El médico Gerardo González Figueroa ha tratado a las comunidades indígenas en Chiapas durante 15 años y dice que la confianza en la medicina herbal no es solo una tradición sino una necesidad, porque las instalaciones médicas a menudo están demasiado lejos.

Para él, si bien hay algunos la dieta tradicional pro, el estilo de vida y las prácticas curativas, lo extremadamente preocupante son las bajas tasas de vacunación.

“No creo que los esfuerzos del gobierno mexicano hayan sido lo suficientes para involucrar a toda la sociedad”, dice.

“Estas instituciones han estado actuando de manera paternalista.
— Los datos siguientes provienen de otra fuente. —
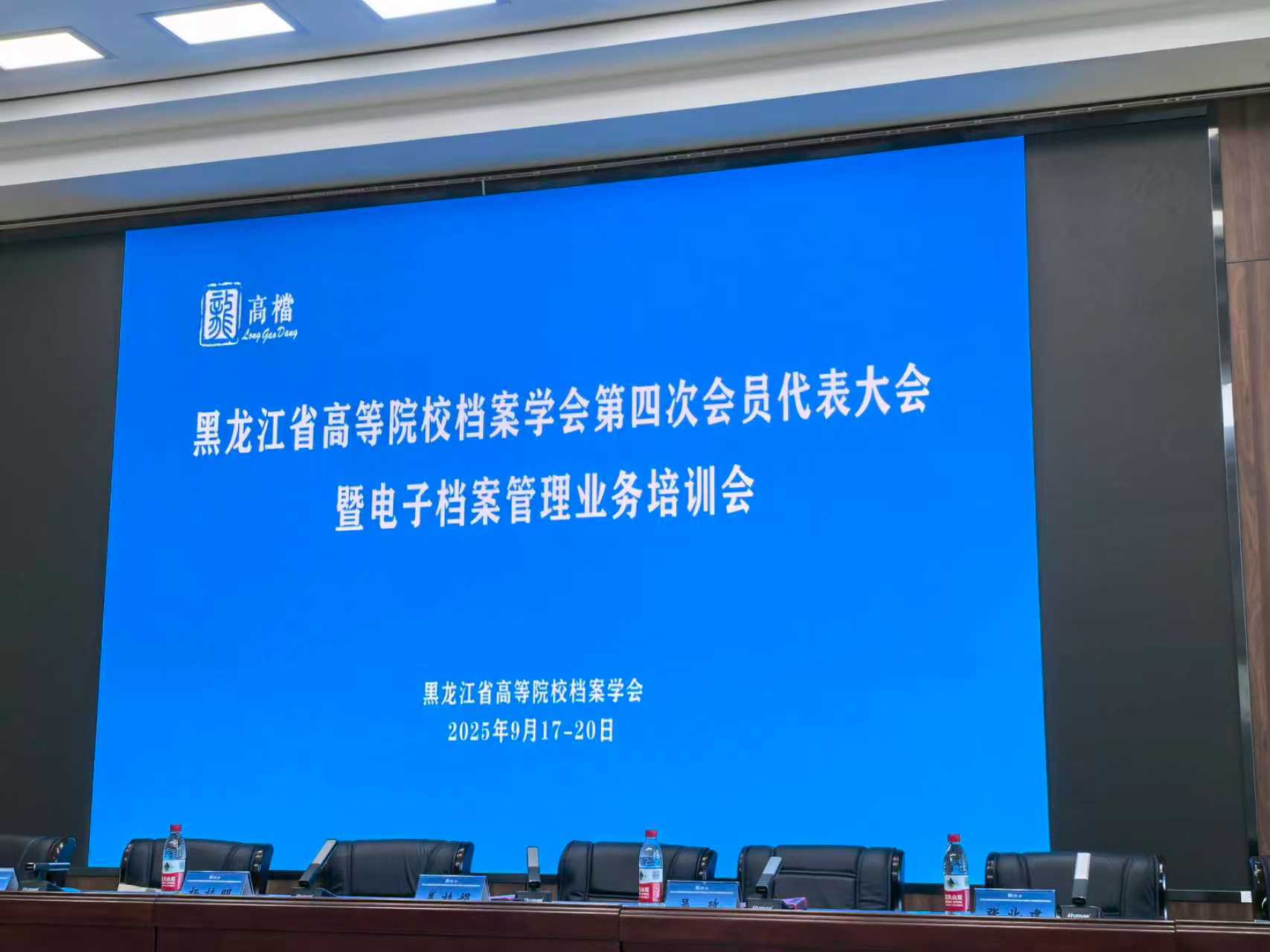 2025年9月17日至20日,哈尔滨理工大学档案馆馆长蔡野、副馆长程坤及信息技术室主任王宇一行三人赴黑龙江农业经济职业学院,参加黑龙江省高等院校档案学会第四次会员代表大会暨电子档案管理业务培训会。本次会议聚焦档案数智化转型与电子档案管理创新,为全省高校档案工作者搭建了政策学习、技术交流与经验共享的重要平台。

Es como ‘ve y ponte las vacunas'”.

Una persona aplica gel a pobladores

AFP

El gobierno federal ha dicho que su programa de vacunación es un éxito, con una disminución de la mortalidad del 80% en medio de la tercera ola de covid-19 que se extiende por las áreas urbanas más densamente pobladas de México.

¿Cómo aumentar las tasas vacunación?

Pascuala cree que las autoridades se rindieron con demasiada facilidad cuando vieron que la gente de estos pueblos rechazaba vacunarse.

“Es un falso binario pensar en la oferta y la demanda como cosas separadas”, dice Lisa Menning, de la OMS.

La científica explica que, en marzo, algunas encuestas hechas en Estados Unidos reflejaban que las comunidades de color también dudaban en vacunarse, hasta que las autoridades hicieron un gran esfuerzo para que la inoculación fuera accesible.

Ahora, las tasas de vacunación en estas comunidades son mucho más altas.

“Tener un acceso fácil, conveniente y realmente asequible a buenos servicios, donde haya un trabajador de salud que esté realmente bien capacitado y sea capaz de responder a cualquier inquietud y responda de una manera muy cariñosa y respetuosa, eso es lo que marca la diferencia”, afirma.

Vacuna contra la covid

Getty Images

“Lo que funciona mejor es escuchar a las comunidades, asociarse con ellas, trabajar con ellas”, agrega.

Coquiltéel es una de los millones de pequeñas comunidades rurales de todo el mundo en las que esto es muy deficiente.

Por ahora, todo lo que puede hacer Pascuala es seguir intentando convencer a la gente de que se vacune y está centrando sus esfuerzos en los que deben salir de sus pueblos, como los camioneros.

Pero hasta que todos estén vacunados, solo le queda confiar en otros poderes.

“Gracias a Dios vivimos en una comunidad donde todavía hay árboles y donde el aire todavía está limpio”, dice.

“Creo que de alguna manera, la Madre Tierra nos está protegiendo”.